The Cultural Origins of Human Cognition by Michael Tomasello will be the reading group's first book. The voting was close, and I'll be sure to include the books that did well in the voting for the second book, but for now, Tomasello's the man.
For those of you who are not familiar with Dr. Tomasello, he is in the Department for Developmental and Comparative Psychology at the Max Planck Institute for Evolutionary Anthropology in Leipzig, Germany. The bulk of his research is on human language development, and language and culture in nonhuman primates. Here is a list of his publications, and here is a recent paper in which he presents experiments that are designed to test the theories he discusses in the book we'll be reading. This paper, published 2 years before the book, touches on many of the ideas in it, and might be a good place to start while you're waiting for the book. Tomasello has other papers online that might be of interest as well, and I'd be happy to point anyone to them.

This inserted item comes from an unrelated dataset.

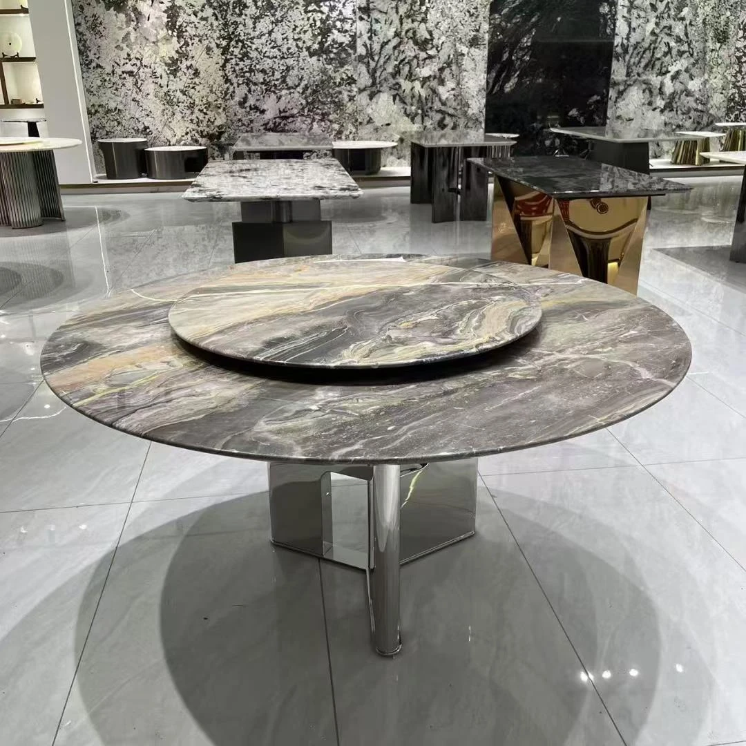 高級イタリアンデザインの天然大理石ダイニングテーブル - モダンなラグジュアリー感溢れるシンプルな円形テーブル、豪邸や別荘にぴったりの洗練された一品!

I will post a little introduction and background in the next week. If you have questions about the book before then, feel free to email them to me.
6 comments:
Good. That was my vote, too. I have only read one of his papers (a book chapter) a long time ago and I have to confess I do not remember any of it!
I will get the book within the next couple of days and in the meantime will pursue your links.
I admit I was gunning for the religious one, by Scott Atran, simply because it sounded intriguing. I notice it got 9 votes. I ended up buying that one from Amazon along with the Tomasello one, which does sound intriguing.
Maybe we'll do Atran next time around. It's definitely an interesting book, as is Pascal Boyer's on the same topic.
i suspect a lot of us have already read atran's book. it is a 'sexy' topic after all.
I know you've read it, and I think a couple others mentioned that they'd read it in response to my email. The same was also true for Damasio's book. I was pulling for one of the other two to win, too, for that reason, but it still might be interesting to read them down the line. Or perhaps we could read Boyer's book and those of us who've read Atran's can contrast the two.
boyer's book is more lay person friendly, that's for sure. of course, he uses terms popularized by dennett like 'cartesian theater,' while atran seems to almost start off on a blank slate as far as concepts (speaking as someone who was totally ignorant of cognitive science jargon in the spring of 2004 when i read both books).